[PDS/HPDA Seminar] 18/11/2022 from 10:00 to 11:00 at 1C27 – Ewa Turska (reading group) and François Trahay (team work)

During the PDS/HPDA Seminar of 18/11/2022 from 10:00 to 11:00, Ewa Turska will present a reading group talk and François Trahay will present a team work talk.

Visio: https://webconf.imt.fr/frontend/fra-vcg-byn-fxd

Location: 1C27

# Reading group: Leveraging Bagging for Evolving Data Streams (ECML PKDD’10)\n\nPresented by Ewa Turska on 18/11/2022 at 10:00. Attending this presentation is mandatory for the master students.

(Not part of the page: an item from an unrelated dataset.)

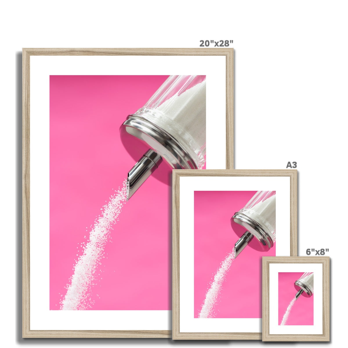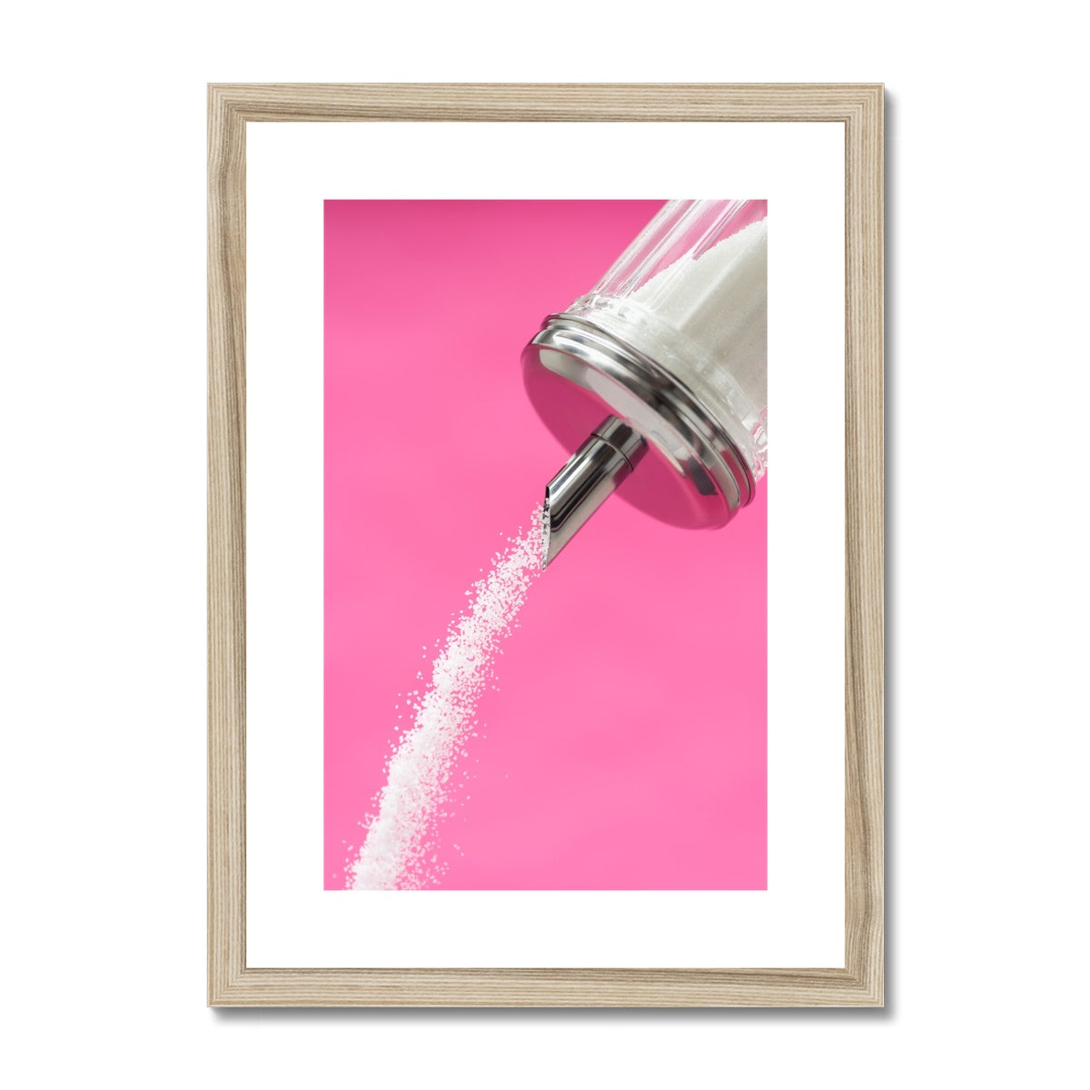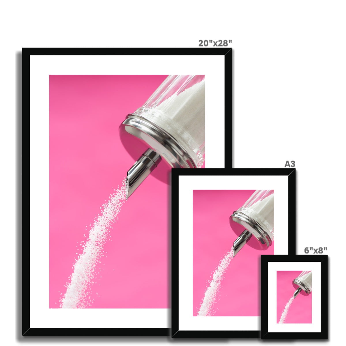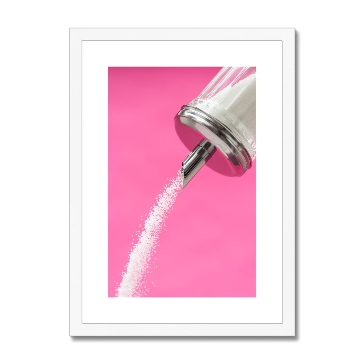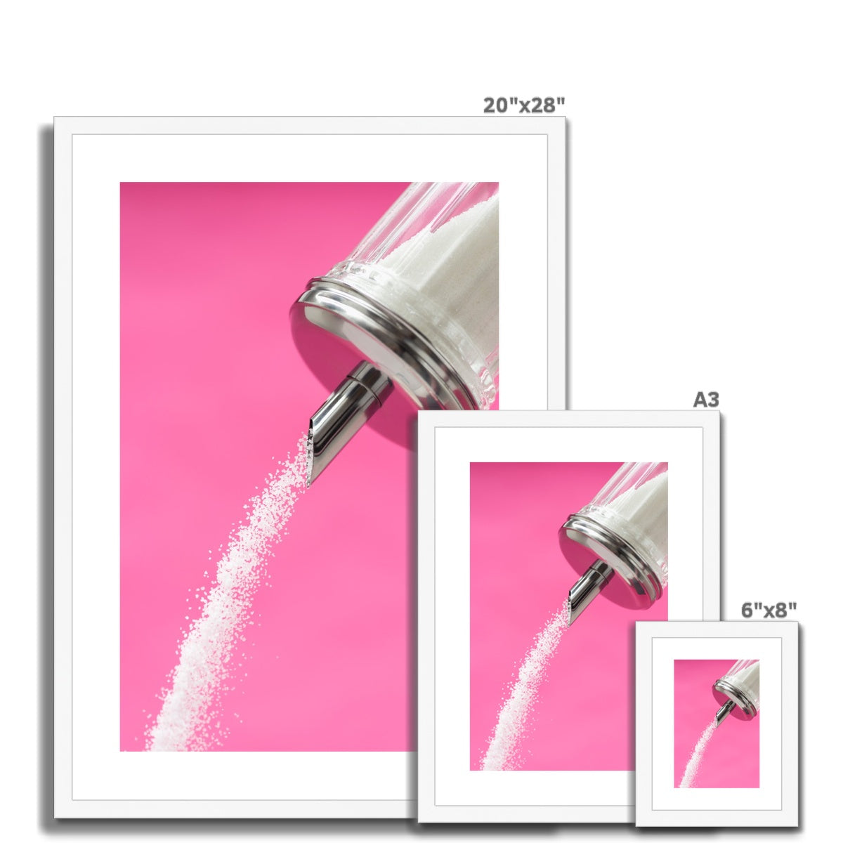 Sugar dispenser pouring against pink background Framed & Mounted Print

Paper: http://www.math.chalmers.se/Stat/Grundutb/GU/MSA220/S18/OnlineAndLeverageBagging.pdf

Full post: https://www.inf.telecom-sudparis.eu/pds/seminars_cpt/reading-group-10/

## Abstract
Bagging, boosting and Random Forests are classical ensemble methods used to improve the performance of single classifiers. They obtain superior performance by increasing the accuracy and diversity of the single classifiers. Attempts have been made to reproduce these methods in the more challenging context of evolving data streams. In this paper, we propose a new variant of bagging, called leveraging bagging. This method combines the simplicity of bagging with adding more randomization to the input, and output of the  classifiers. We test our method by performing an evaluation study on synthetic and real-world datasets comprising up to ten million examples.    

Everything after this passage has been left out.